Estos días están en primer plano de actualidad las víctimas del terrorismo, han celebrado su congreso. Lo cierto es que existe la sensación de que al menos algunas asociaciones se mueven como agrupaciones políticas, con la pretensión de condicionar las diferentes medidas que puedan adoptarse. Las víctimas tienen, sin duda, importantes derechos frente a la sociedad, pero entre ellos no está el de tener una calificación especial a la hora de enjuiciar el fenómeno del terrorismo y la respuesta adecuada al mismo. Más bien, todo lo contrario. En este aspecto, con toda probabilidad, se encuentran contaminadas, y es humano, demasiado humano, que carezcan de la imparcialidad y objetividad necesaria para enjuiciar el problema. En términos forenses tendríamos que afirmar que han de ser objeto de recusación. A nadie se le ocurriría aceptar en un caso de violación como miembro del jurado a una madre a la que acaban de violar y asesinar a su hija, y tampoco parecería demasiado conveniente que la elaboración de las leyes penales que califican este tipo de delitos fuesen elaboradas por sus víctimas.
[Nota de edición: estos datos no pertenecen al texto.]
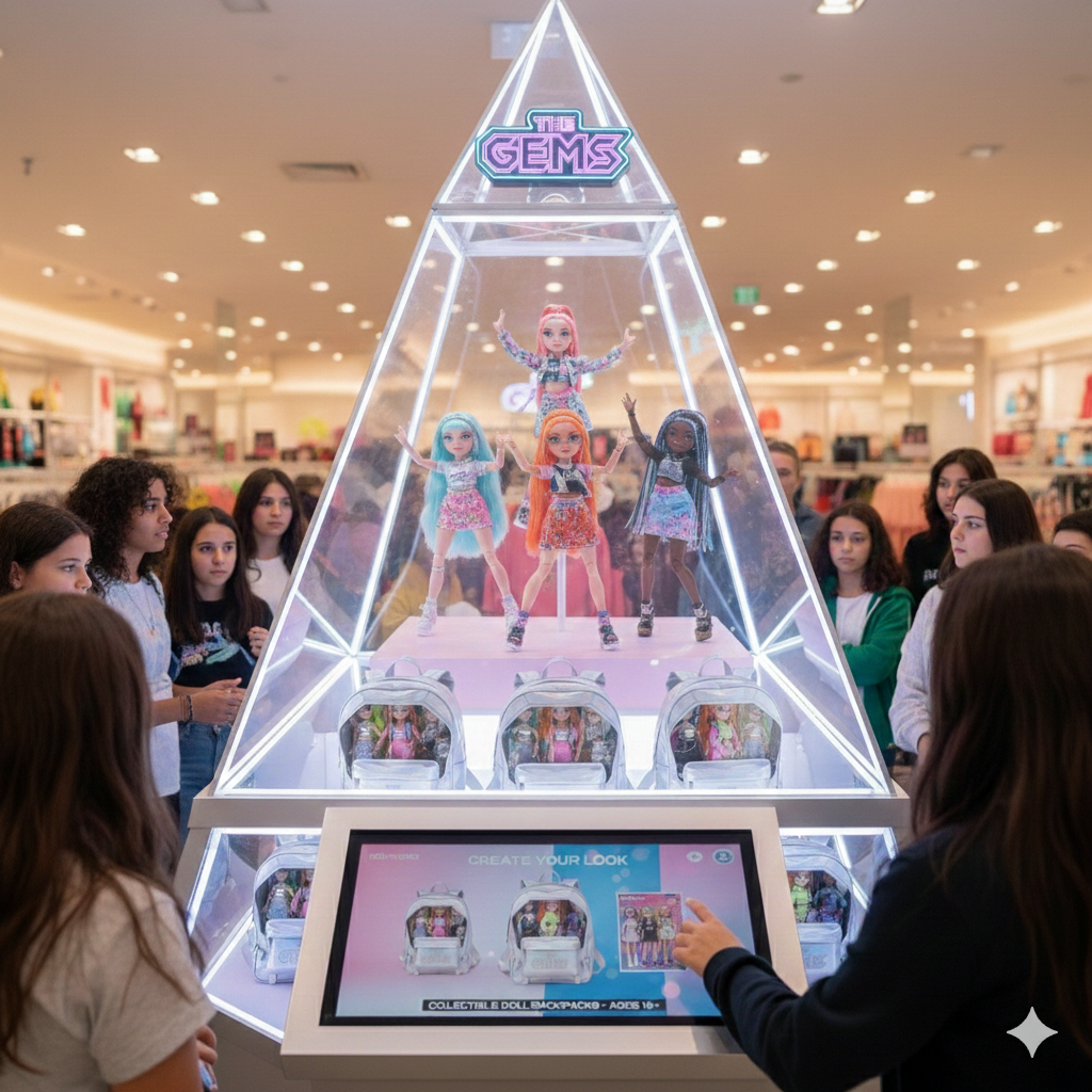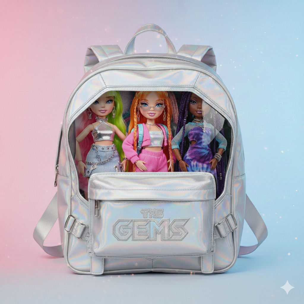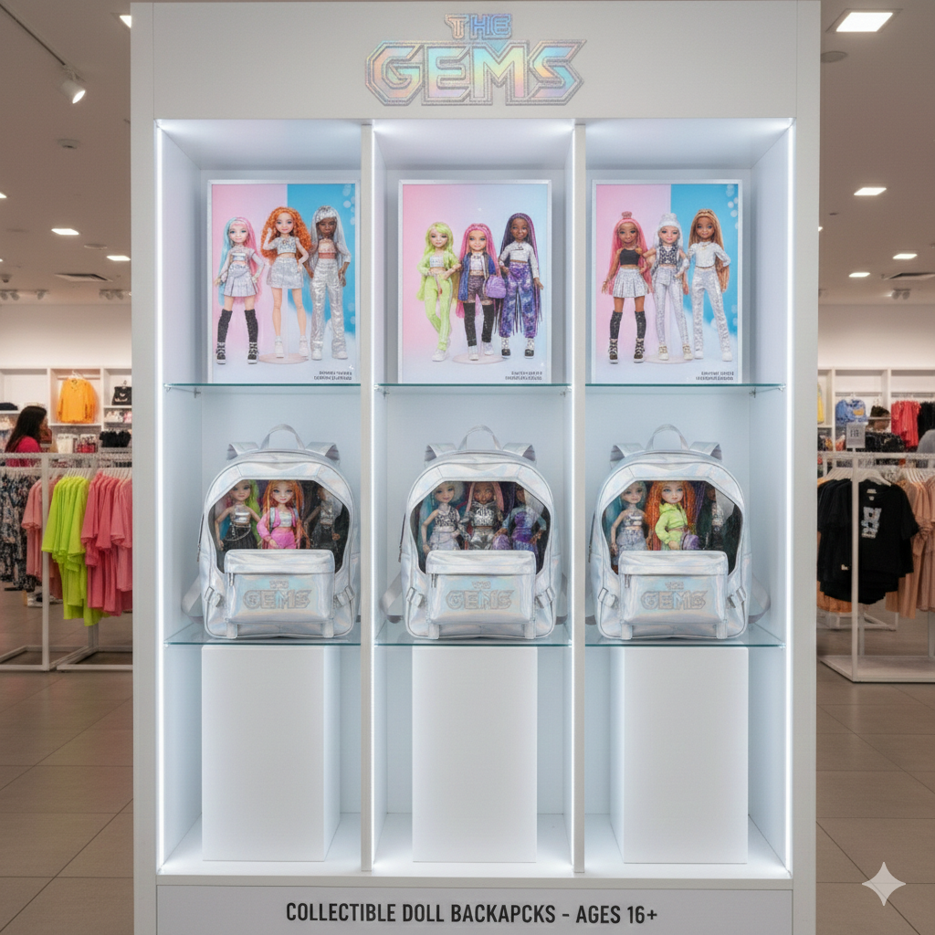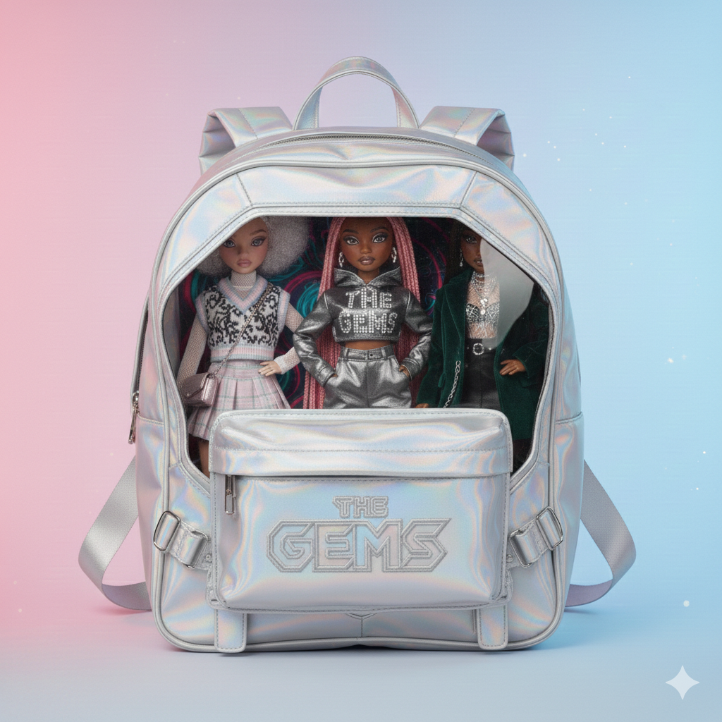 The unboxing experience is a silver futurist backpack bag, designed as a reusable, mini accessory that reinforces the collectible, fashion-forward identity of the dolls. Retail displays extend the narrative with cohesive color, typography, and dynamic presentation, creating an aspirational, high-fashion brand presence.
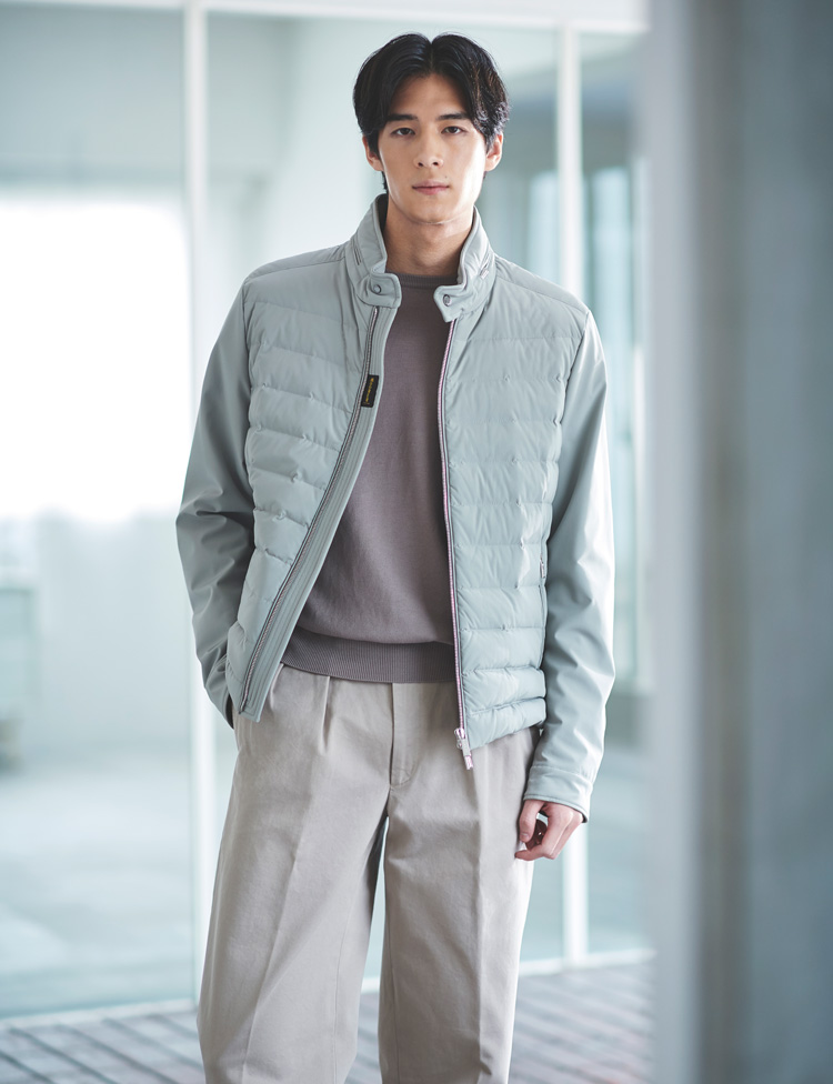 イタリア・ヴェローナで創業した〈ムーレー〉は、高品質なダウンジャケットで知られるラグジュアリーアウターブランド。選びたいのは、寒暖差のある時季に活躍するバイカースタイルのショート丈だ。グースフェザーによる軽快な着心地と、十分な保温性を両立している。
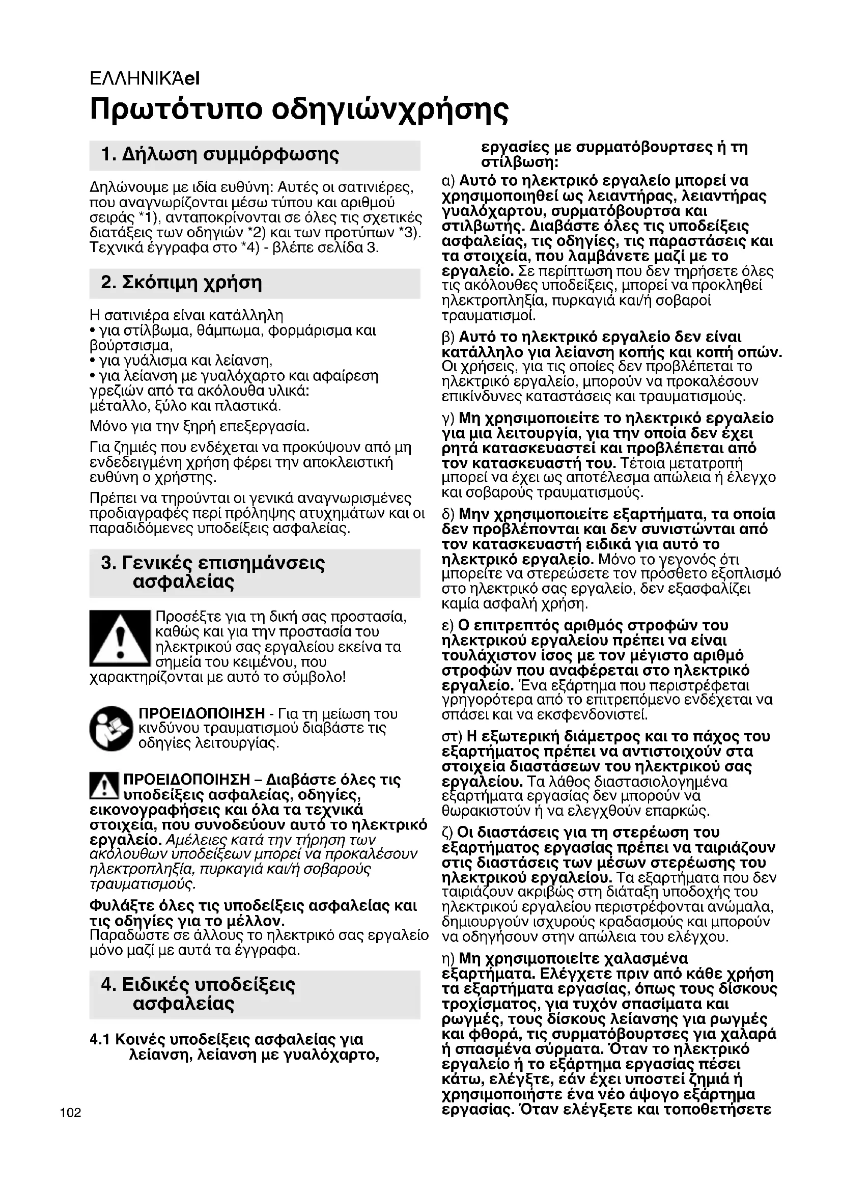 - για λείανση με γυαλόχαρτο και αφαίρεση γρεζιών από τα ακόλουθα υλικά: μέταλλο, ξύλο και πλαστικά. Μόνο για την ξηρή επεξεργασία. Για ζημιές που ενδέχεται να προκύψουν από μη ενδεδειγμένη χρήση φέρει την αποκλειστική ευθύνη ο χρήστης. Πρέπει να τηρούνται οι γενικά αναγνωρισμένες προδιαγραφές περί πρόληψης ατυχημάτων και οι παραδιδόμενες υποδείξεις ασφαλείας. Προσέξτε για τη δική σας προστασία, καθώς και για την προστασία του ηλεκτρικού σας εργαλείου εκείνα τα σημεία του κειμένου, που χαρακτηρίζονται με αυτό το σύμβολο! ΠΡΟΕΙΔΟΠΟΙΗΣΗ - Για τη μείωση του κινδύνου τραυματισμού διαβάστε τις οδηγίες λειτουργίας. ΠΡΟΕΙΔΟΠΟΙΗΣΗ – Διαβάστε όλες τις υποδείξεις ασφαλείας, οδηγίες, εικονογραφήσεις και όλα τα τεχνικά στοιχεία, που συνοδεύουν αυτό το ηλεκτρικό εργαλείο. Αμέλειες κατά την τήρηση των ακόλουθων υποδείξεων μπορεί να προκαλέσουν ηλεκτροπληξία, πυρκαγιά και/ή σοβαρούς τραυματισμούς. Φυλάξτε όλες τις υποδείξεις ασφαλείας και τις οδηγίες για το μέλλον. Παραδώστε σε άλλους το ηλεκτρικό σας εργαλείο μόνο μαζί με αυτά τα έγγραφα.
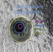 - Ring C and D represents structural areas associated with the initial crater[5]
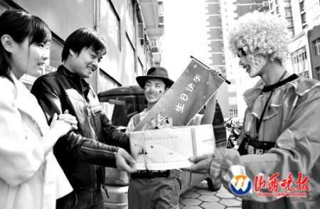 太原市民刘先生作为小丑快递公司的第一位服务对象,就亲身体验了一把小丑带来的惊喜和快乐。前几天他过生日,中午时分准备下班时,“一出门看到3个动作滑稽、模样可爱的小丑,其中一个捧着一盒生日蛋糕。”当得知蛋糕是爱人卢女士委托小丑快递公司送来的时候,刘先生特别高兴,“同事们都过来围观,3个小丑还唱起了生日歌,演起了节目,感觉很幸福!”
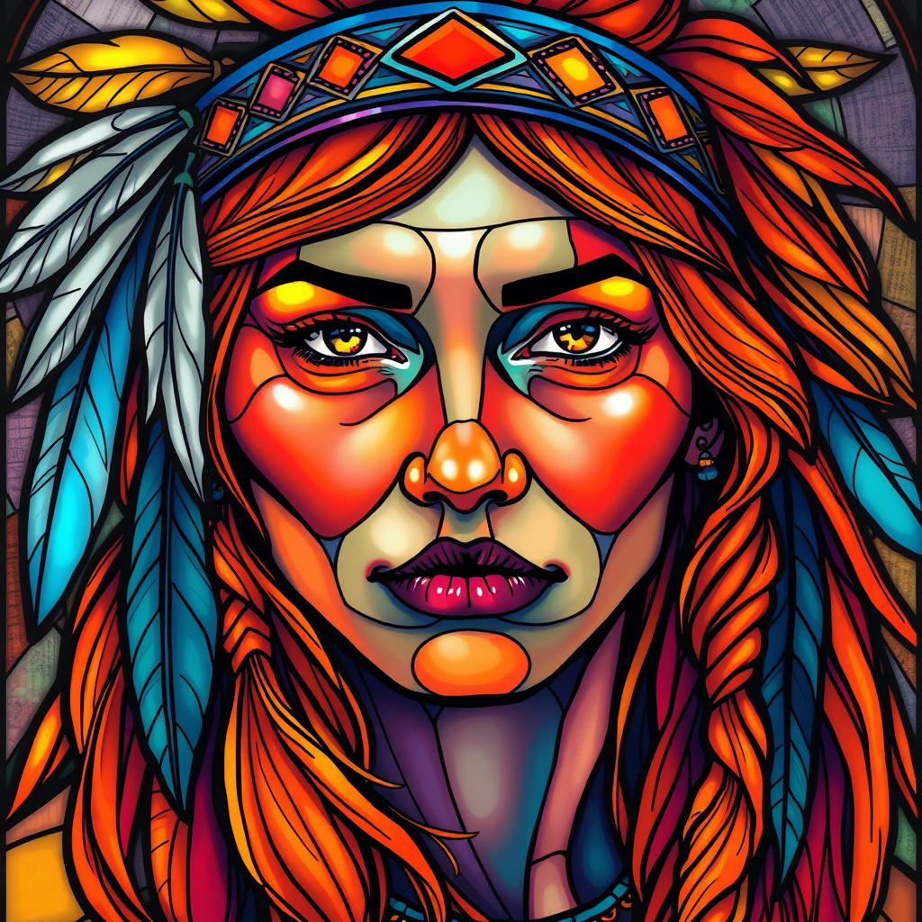 stained_glass, a highly psychedelic portrait of a North American Indian, adorned with feathers in her hair, featuring vibrantly colored skin and flowing orange hair, depicted in high detail, UHD, HDR, 8K resolution, avoiding any duplication or disfigurement, with harmonious and symmetrical features, maintaining realistic eyes and proportions, ensuring clarity and focus, free of low resolution and without any elements out of frame, eliminating blur, jpeg artifacts, watermarks, logos, letters, usernames, or words, avoiding cropped or cartoonish visuals, with a cohesive, well-drawn composition.

Es difícil sustraerse a la impresión de que, aprovechando la conmiseración social que las víctimas del terrorismo suscitan, se las pretende utilizar políticamente dándoles un protagonismo que no les corresponde. Todo el mundo se reafirma en la necesidad de que no se produzca esta manipulación, pero lo cierto es que casi todo el mundo también pretende llevar el ascua a su sardina, empezando incluso por las mismas víctimas. Su condición de tales no anula su personalidad con sus características e ideología propia. Pueden tener la tentación de utilizar su situación de víctimas para influir en el ámbito político en una medida muy superior a la que normalmente les competería.